> **Instructions to follow**: The material below includes pictures; leave them out and return only the lines between the line containing "ual a principal" and the line containing "Dagen begyndte med", inclusive, word for word.

> **Provided data**:
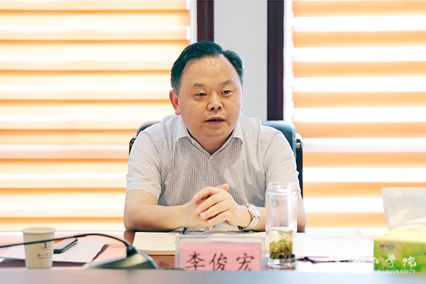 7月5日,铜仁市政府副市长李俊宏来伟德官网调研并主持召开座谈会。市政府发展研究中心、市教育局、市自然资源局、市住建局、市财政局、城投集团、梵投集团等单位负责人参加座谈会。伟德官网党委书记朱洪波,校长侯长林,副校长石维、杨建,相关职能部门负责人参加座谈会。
==
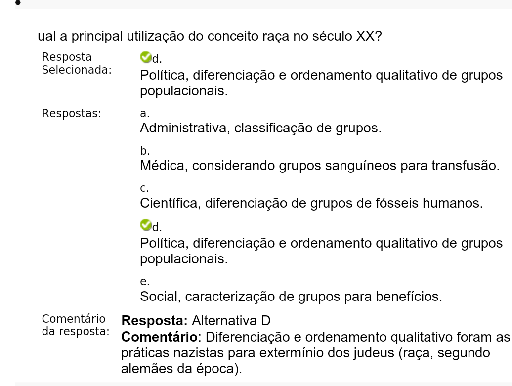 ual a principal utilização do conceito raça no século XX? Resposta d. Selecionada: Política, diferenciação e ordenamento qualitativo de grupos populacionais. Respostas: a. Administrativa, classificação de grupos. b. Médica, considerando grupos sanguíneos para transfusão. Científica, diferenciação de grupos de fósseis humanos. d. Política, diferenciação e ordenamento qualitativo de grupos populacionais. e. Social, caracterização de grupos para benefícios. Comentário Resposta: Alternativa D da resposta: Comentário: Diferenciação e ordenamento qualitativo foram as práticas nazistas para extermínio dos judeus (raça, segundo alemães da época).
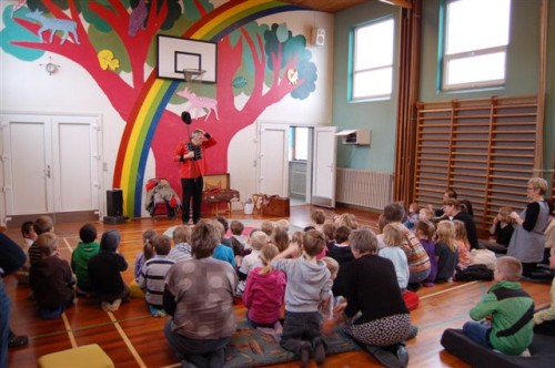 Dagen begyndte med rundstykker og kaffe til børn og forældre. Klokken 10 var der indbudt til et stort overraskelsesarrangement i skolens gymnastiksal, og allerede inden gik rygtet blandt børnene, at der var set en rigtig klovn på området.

> **Exercise output**:
 ual a principal utilização do conceito raça no século XX? Resposta d. Selecionada: Política, diferenciação e ordenamento qualitativo de grupos populacionais. Respostas: a. Administrativa, classificação de grupos. b. Médica, considerando grupos sanguíneos para transfusão. Científica, diferenciação de grupos de fósseis humanos. d. Política, diferenciação e ordenamento qualitativo de grupos populacionais. e. Social, caracterização de grupos para benefícios. Comentário Resposta: Alternativa D da resposta: Comentário: Diferenciação e ordenamento qualitativo foram as práticas nazistas para extermínio dos judeus (raça, segundo alemães da época).
 Dagen begyndte med rundstykker og kaffe til børn og forældre. Klokken 10 var der indbudt til et stort overraskelsesarrangement i skolens gymnastiksal, og allerede inden gik rygtet blandt børnene, at der var set en rigtig klovn på området.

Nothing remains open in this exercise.